Выбрать главу

Кольвиц сама ответила этому наглецу:

«Вульгарное», «бесстыдное», «отталкивающее» никогда, насколько я знаю, не включалось в понятие искусства, но в различные времена само понятие того, что вульгарно, бесстыдно, отталкивающе, менялось…

Художник в большинстве случаев дитя своего времени, особенно если периоды его собственного развития падают на время раннего социализма. Время моего творческого становления совпало с эпохой раннего социализма.

Он захватил меня целиком. О творчестве, сознательно отданном делу пролетариата, тогда для меня еще не было речи. Именно пролетариат был для меня прекрасен. Пролетариат в типических его проявлениях творчески вдохновлял меня. Лишь позднее, когда при близком соприкосновении с. рабочими я по-настоящему узнала их нищету и беды, у меня возникло также чувство долга своим искусством служить пролетариату.

…Все же, когда Вы считаете меня исключительно изображающей пролетариат, я говорю: Вы знаете мою работу очень неполно.

Один пример: материнство. После бесчисленных изображений матерей с детьми я сказала себе: теперь моя идея должна быть хоть один раз исчерпана и я от этой темы освобождена. Так возникла большая группа матери с двумя детьми.

Я думаю, Вы согласитесь со мной, что круг моей работы обширнее, чем Вы думаете, так как Вы совершенно не знаете моей пластической работы. Это не удивительно, ведь в течение долгого времени она открыто больше не показывается. Но фигуры матери и отца на кладбище во Фландрии Вы, собственно, должны были бы знать.

Это вкратце мой ответ на Вашу анкету. Мне не важно быть причисленной к сотне избранных, которых Вы опросили. Если же Вы приведете мои слова, то прошу их не сокращать. И в заключение еще только одно: я отвечаю за каждую работу, которая мною сделана. В каждую я вложила требование, что она должна быть хорошей. Это значит крепко поработало, без халтуры».

Кэте Кольвиц довольна тем, как ей удалось отхлестать этого развязного литератора.

Короткие холодные зимние дни. Одна отрада — письма от сына, Оттилии, внуков.

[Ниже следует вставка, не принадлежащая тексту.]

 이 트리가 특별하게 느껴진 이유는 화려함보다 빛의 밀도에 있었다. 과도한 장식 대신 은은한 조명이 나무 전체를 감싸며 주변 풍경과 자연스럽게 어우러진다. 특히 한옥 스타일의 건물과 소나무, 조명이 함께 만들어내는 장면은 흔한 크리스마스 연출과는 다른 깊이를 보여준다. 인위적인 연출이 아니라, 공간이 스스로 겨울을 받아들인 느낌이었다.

Кэте Кольвиц очень устала. Она проводит время между кроватью и креслом. Но не перестает следить за событиями. Как бы вглядываясь в будущее, пишет 17 февраля 1944 года родным, дает советы внукам:

«Прежде всего я хотела бы Вам посоветовать, чтобы Арне уже сейчас начал учить русский. Тогда впоследствии… у него будет преимущество. Здесь уже сейчас люди начинают ориентироваться на русское. При разнообразных отношениях, которые позже возникнут между обеими странами, у него благодаря знанию языка будет плюс. Итак, пусть он заблаговременно учит язык».

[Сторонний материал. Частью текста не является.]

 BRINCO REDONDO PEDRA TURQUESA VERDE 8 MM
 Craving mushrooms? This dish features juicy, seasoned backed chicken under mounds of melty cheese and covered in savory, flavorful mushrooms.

Через несколько дней она вновь облекает в письмо томящие ее мысли:

«Города Германии превращены в груды развалин, но самое плохое прежде всего в том, что каждая война уже таит в себе ответную войну. На каждую войну будет отвечено новой войной, пока все, все не будет уничтожено. Как будет тогда выглядеть мир, как будет выглядеть Германия, известно дьяволу.

Поэтому я всем сердцем за радикальный конец этого сумасшествия и лишь от мирового социализма ожидаю чего-то».

Все длиннее дни, теплее солнце. Еще одна весна. Можно сидеть у открытого окна, смотреть на пробуждающуюся природу.

Но и в Нордхаузене стали чаще тревоги, и старая Кольвиц спускается в подвал, опираясь на две палки.

Подошел семьдесят седьмой день рождения. Такая радость: приехали Оттилия и Беата Бонус. Утром в комнату принесли большие букеты цветов, и Маргрет Бенинг со своими детьми спела у ее постели традиционные поздравительные песни.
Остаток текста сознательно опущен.